- Input data
- - -
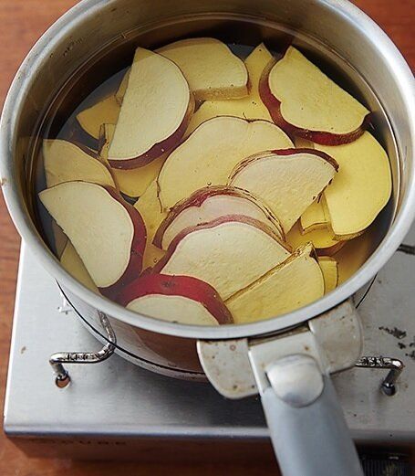 さつまいもは厚さ1cmの半月切りにして鍋に入れ、さつまいもがかぶるくらいまで揚げ油を注ぎ、中火にかける。
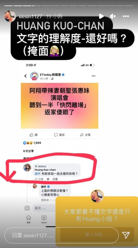 怎料,竟然有酸民在留言區硬要提到謝忻,甚至還標記她的帳號表示:「有跟享翔一起去看阿妹嗎?」沒想到竟然真的釣出本尊回覆:「上面的標題沒看懂?小編會很傷心。」被惹火的謝忻還把留言截圖並PO在IG,「文字的理解度還好嗎」、「大家都看不懂文字,還是只有Huang小姐?」感覺得出來她的滿腔怒火已經快要爆炸!
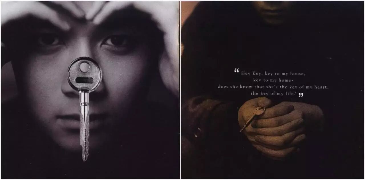 封套上是古巨基拿着一把门匙若有所思的形象,内页中印着"Hey Key,key to my house,key to my home,does she know that she's the key of my heart,the key of my life ?"的字样,那把门匙也极为醒目,暗色调令整体意境十分具有艺术美感。
- - -
- Task statement
Output each line above exactly as it stands, omitting the pictures.

- Result for this task
 さつまいもは厚さ1cmの半月切りにして鍋に入れ、さつまいもがかぶるくらいまで揚げ油を注ぎ、中火にかける。
 怎料,竟然有酸民在留言區硬要提到謝忻,甚至還標記她的帳號表示:「有跟享翔一起去看阿妹嗎?」沒想到竟然真的釣出本尊回覆:「上面的標題沒看懂?小編會很傷心。」被惹火的謝忻還把留言截圖並PO在IG,「文字的理解度還好嗎」、「大家都看不懂文字,還是只有Huang小姐?」感覺得出來她的滿腔怒火已經快要爆炸!
 封套上是古巨基拿着一把门匙若有所思的形象,内页中印着"Hey Key,key to my house,key to my home,does she know that she's the key of my heart,the key of my life ?"的字样,那把门匙也极为醒目,暗色调令整体意境十分具有艺术美感。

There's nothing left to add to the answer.